Moreover, I’ve witnessed inter-institutional teams across the island, accurately assessing the damage and the crisis management responses, while other provinces cooperate to dedicate their forces and reserves to aid other affected areas.

The public, as a rule, carry out the protective measures that their culture of disaster preparedness has instilled for generations now.  In this way, the logic of the “country-encampment” is revealed in these circumstances of crisis, a feature that is denied in the daily life of a society characterized by top-down rule.

However, our exemplary performance becomes negated, once again, by the lack of grassroots participation in the follow-up. Many people climb down into trenches to clean drainage systems in their neighborhood, but only a select few can monitor the progress of the recovery from above.

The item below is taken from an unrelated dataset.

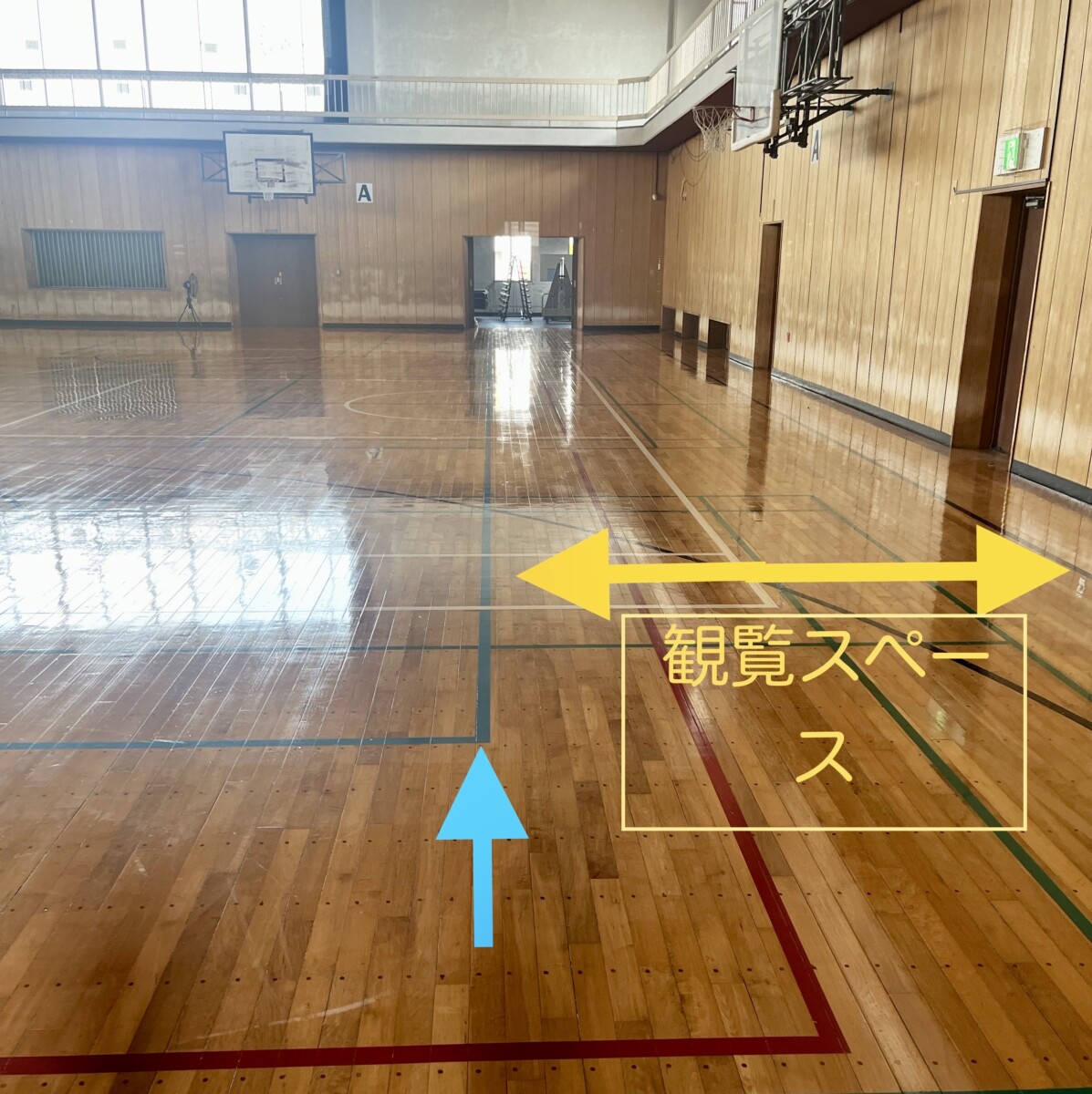 ・観覧スペースは、水色のラインより後方(壁側)になります。

Supposedly acting on behalf of the Revolution, authorities have clamped down on journalistic and community complaints about unrealized plans in order to conceal administrative incompetence and the siphoning off of public resources.

I know of a simple little house in eastern Cuban whose reconstruction was finally completed-after years of bureaucratic obstacles-only when the accounting was reconciled in the capital city and the corrupt individuals responsible were eventually punished. As for the resources shelled out by the country, after having been born by its people’s sweat-these funds never surfaced.

Returning to Mexico, the lack of foresight and fear by some of that country’s officials, who tried to keep a growing public health threat in the shadows, was countered by a critical press that stepped up to the plate to circulate the news.

Was this premeditated information leaking or a democratizing action by the fourth branch of government? Perhaps it was a bit of both. Nevertheless, it highlights the value of free flowing information from multiple sources, (although under siege) by the government and the market, as opposed to that of a monopolized structure.

Cubans know the both the value and dangers of these matters. Suffice is to recall the contrasting realities of a Cuba in which the same press that did such an excellent job informing the public in the advent of the recent hurricanes, had previously honored an official gag order on outbreaks of dengue fever.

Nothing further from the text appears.